A Corpus-Based Study on Segment Variations in English Speech Produced by Korean Learners
한국인 학습자의 영어 분절음 변이에 관한 코퍼스 기반 연구
- 인문대학 언어학과
- Issue Date
- 서울대학교 대학원
- 학위논문 (박사)-- 서울대학교 대학원 : 언어학과, 2015. 2. 정민화.
- This study investigates segment variations occurring in a large speech corpus produced by Korean learners and examines the effects of linguistic and extra-linguistic factors on the segment variations produced by these learners.

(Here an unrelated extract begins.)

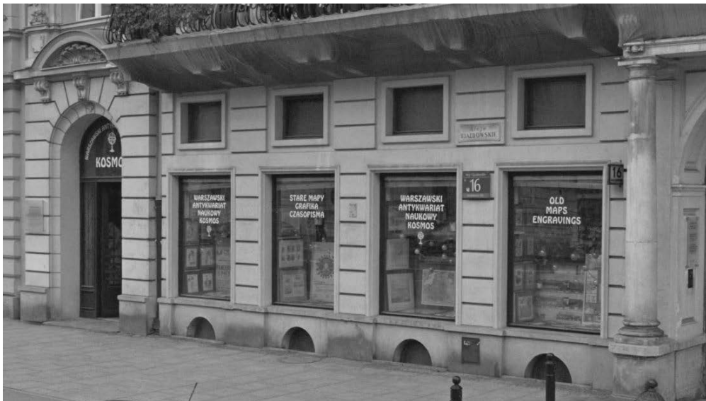
Rycina 1. Warszawski Antykwiariat Naukowy Kosmos wspólnie

z czego ponad 80 procent stanowiły czasopisma 13 . Asortyment w katalogach aukcyjnych porządkuje się w rozmaity sposób, a kryteria podziału przecinają się nawzajem, głównie formalne i tematyczne. W analizowanej ofercie czasopisma znalazły się kilku działach, znakomitą większość — 906 pomieszczono w jednym, ogólnym dziale. Oprócz prasy polskiej znalazło się tam również kilkanaście obcych tytułów oraz niewielka liczba innego rodzaju wydawnictw, które nie można sklasyfikować jako periodyczne, aczkolwiek pewne związki z takowymi mają 14 . W zestawie znalazły się tytuły od XVIII wieku po rok 1945, które przedstawiono w niniejszym opracowaniu według przyjętej periodyzacji dziejów prasy, przy czym tytuły wychodzące poza dany okres odnotowano dwukrotnie, tylko jeśli oferowano egzemplarze tak datowane. Pogrubione zostały tytuły, które nabyła do swoich zbiorów Biblioteka Narodowa, podkreślono zaś kupione przez Bibliotekę Jagiellońską; w niektórych przypadkach obie ksiąźnice wybierały poszczególne numery tych samych czasopism.
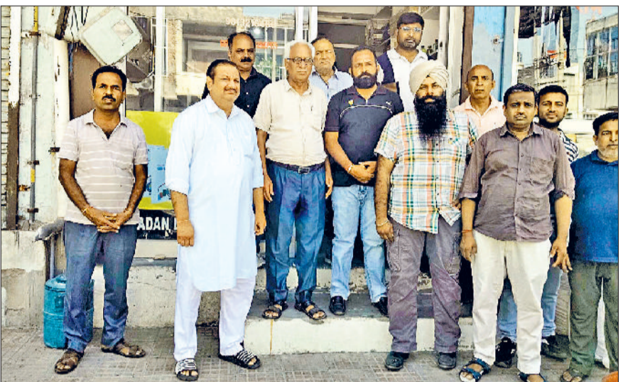
फतेहाबाद। बैठक में भाग लेते व्यापार मंडल के पदाधिकारी।

अब सवाल यह है कि तोड़फोड़ से नुकसान झेल चुके व दशहरे पर

A variation matrix of the learners speech production was generated from manual transcriptions of their speech corpus, and noticeable variations produced by the learners were determined based on the variation matrix. The variation matrix of the native speech was generated from the TIMIT corpus that exhibited various dialectal variations. The most noticeable variations in the learners speech were determined by introducing a method of comparing the variation matrices of both learners and native speakers. The most noticeable variations of the learners included five vocalic (insertion of /ɯ/, substitution of /oʊ/ for /ɔ/, substitution of /oʊ/ for /ɑ/, substitution of /ɑ/ for /ʌ/, and substitution of /æ/ for /ʌ/) and four consonantal (substitution of /s/ for /z/, substitution of /d/ for /ð/, substitution of /b/ for /v/, and substitution of /p/ for /f/) variations. The results demonstrated that the learners exhibited segment variations that differed from those of native speakers. The learners were greatly affected by orthography for vowels, while effects of the native language were observed in the consonantal variations of the learners.

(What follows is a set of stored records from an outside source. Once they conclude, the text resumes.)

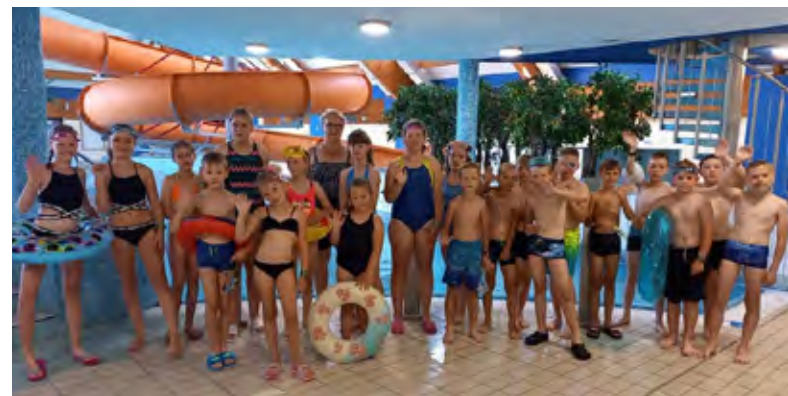
Półkolonie SP1 Koniaków
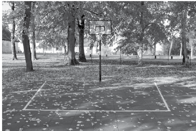
Padures pagastā grupa “Savējie” izveidoja sporta laukumu brīvā laika pavadīšanai.
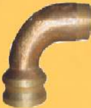
CURVA MACHO/ ROSCA
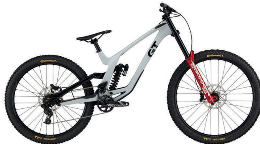
バトルシップグレー
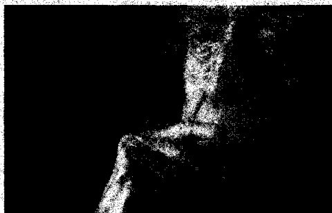
Arriba, el Auditorio de Sídney, de Utzon. Al lado, portada del DVD de Niemeyer. Debajo, Le Corbusier en la India con Nehru. Al lado, Oscar Niemeyer.
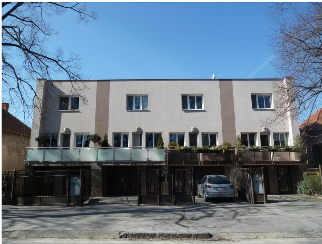
pohľad na uličnú fasádu
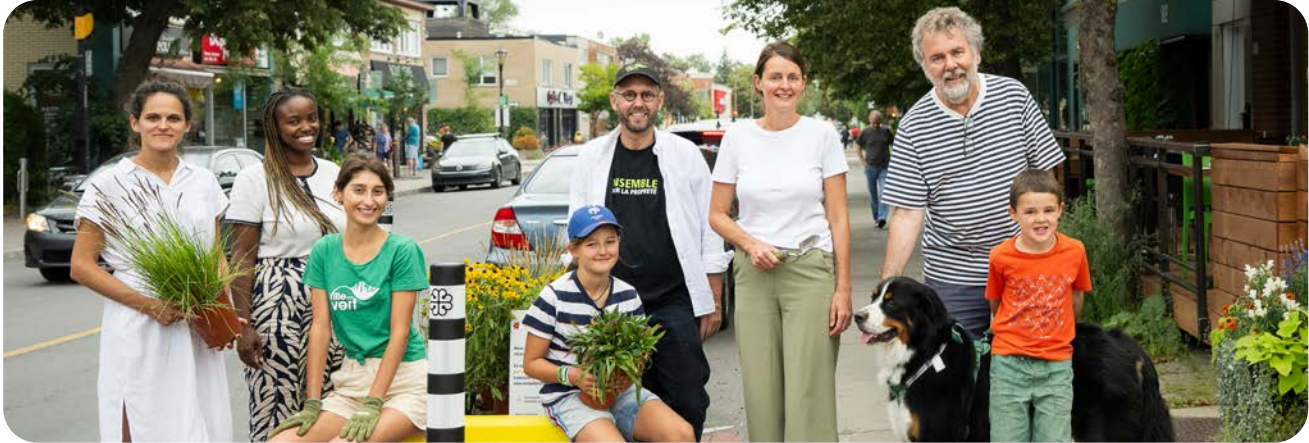
Activité de plantation pour les saillies citoyennes

Solon a encadré l'approche participative, le processus de co-création et de mobilisation, en s'appuyant sur notre ancrage dans le quartier. Notre équipe a agi comme intermédiaire entre les différentes parties prenantes.

To investigate the linguistic and extra-linguistic factors constraining the segment variations of the learners, the effects of the factors on the most noticeable variations in only the learners speech were analyzed using generalized linear mixed models. The results indicated that the most noticeable variations produced by the learners were affected by the linguistic and extra-linguistic factors. The segmental contexts greatly affected the most noticeable variations of the learners, and the effect of orthography was found in their most noticeable vocalic variations. For the extra-linguistic factors, both learner gender and speech rate affected the most noticeable variations of the learners.
This dissertation describes the first quantitative study of English segment variations produced by Korean learners using a large-scale speech corpus. In addition, the study contributes to investigating the general effects of the linguistic and extra-linguistic factors on the variations of learners. The results of this study can be used in both context-independent and context-dependent modeling of segment variations to improve the performance of non-native speech recognition systems.